Я просидел в шоке еще секунд тридцать, прежде чем осознал, что все еще держу член в руке. В омерзении я попытался отбросить его, будто и не свою часть тела. Боже, кажется я сегодня увидел лишнего. Я испытал необходимость выйти на воздух. Накинув что попало, я выбежал из подъезда, чуть не забыв ключи.
Впервые за много месяцев я увидел восход. Тот нежно-розовым молоком тек по небу, предваряя приход солнца. Птицы чирикали, предчувствуя скорый приход теплых весенних деньков. Чиркнув зажигалкой, я глубоко затянулся сигаретой из оставленной про запас пачки и отметил, что курить на воздухе – это совершенно новое ощущение, нежели пускать клубы пара дома. Прикоснувшись пальцем к лицу, я заметил присохшую корку крови и вдруг понял, как, наверное, смотрюсь со стороны. Я скорее сиганул в кусты, что растут посреди дворика, присел на промерзлую землю и стал думать, что же я такое посмотрел.
Видео вовсе не походило на монтаж. Не было никаких украшательств, никаких подозрительных переходов. Похоже, я и в самом деле наткнулся на снафф. Причем снафф необычный: никаких типичных подземелий, крестов для распятия и изнасилований. Лишь какое-то странное, вычурное насилие. Вероятнее всего, хоум-коллекция какого-то маньяка. Что же еще ждет меня в архиве?
Но, вернувшись домой, я обнаружил, что большая часть архива – это странный видеоблог чудовищного клоуна. К сожалению, от его болтовни без звука толку было мало. Я пытался разобрать хоть пару слов, читая по губам, но язык, на котором говорил маньяк, был мне незнаком.
Лишь на одном из видео клоун, заметно худее и моложе, сидел на полу в окружении оккультных символов и что-то читал вслух с замызганной распечатки, слегка покачиваясь. Можно было подумать, что тот молится, но символы, окружавшие его, не наводили на мысли ни об одной известной мне религии.
Попытки восстановить прочие файлы ни к чему не привели – оказалось, что в них отсутствует не только аудио, но и видеодорожка. По сути, это были пустые оболочки видефайлов. Не могу сказать, что был разочарован своей находкой, но я ожидал, что содержимого будет больше.
Впрочем, один из файлов, похоже, все-таки содержал в себе что-то. Открыв его в текстовом редакторе, вместо привычной белиберды я наткнулся на ссылку – снова в извивающихся червях Юникода. Эту, к счастью, можно было открыть.
Снова архив. На этот раз подбор пароля занял у меня чуть больше четырех часов. За это время я успел сходить в душ, заказать пиццу и съесть ее под «Видеоблог Доктора Ужасного».
Когда подбор пароля закончился, я не смог сдержать горькой усмешки. «Sure?»

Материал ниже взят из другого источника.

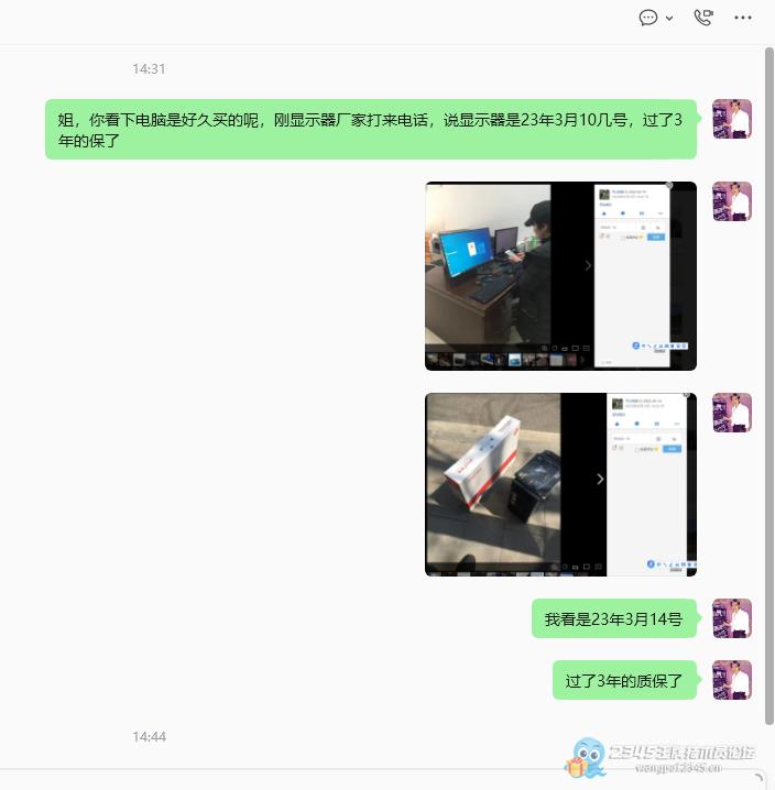 前几天要一个客户说她显示器不亮了,然后我就带了一个备用给她暂时用着,当时问客户电脑买了多久,客户说可能2年样子,我以为还在质保期内,就把显示器返给厂家了,我也没有查询卖的时间,结果今天下午厂家打来电话说过保了,然后我才查询卖电脑的时间,确实是过保了。

Вот так безопасность. Несомненно, тот, кто создавал этот архив, хотел, чтобы эти видео посмотрели. Но зачем было его так прятать? Чтобы нашел только «достойный»?
Какая глупость. Собрав нервы в кулак, я распаковал файл и включил воспроизведение. Как и раньше, высветилось название: «Матка».
Снова та же желтая комната без окон. Там, где раньше стоял стул, к которому маньяк привязывал несчастных, теперь в полу был люк. Я почти уверен, что на предыдущих видео никакого люка в полу не было. Впрочем, качество записи не позволяло утверждать наверняка. В кадр вошел клоун. Вернее, тот, кто гримировался под клоуна раньше. Вместо рыжих косм седые жидкие локоны обрамляли блестящую лысину. Этот человек продолжал выглядеть невероятно жирным, но при этом выглядел каким-то осунувшимся, будто измученным многодневной бессонницей. Впрочем, пожалуй, я бы тоже не спал, как праведник, сотворив то, что сделал он. Медленно, как будто через силу, толстяк подошел к люку и осторожно, сантиметр за сантиметром открыл его. Сначала ничего не происходило. Я было подумал, что видео зависло, но заметил тяжелое дыхание клоуна, который напряженно смотрел в люк, и даже сквозь «зерно» кассетной записи было четко видно, что бедняга страшно потеет. Все его некрасивое лицо блестело, будто натертое салом, а на футболке в подмышках набухали темные пятна.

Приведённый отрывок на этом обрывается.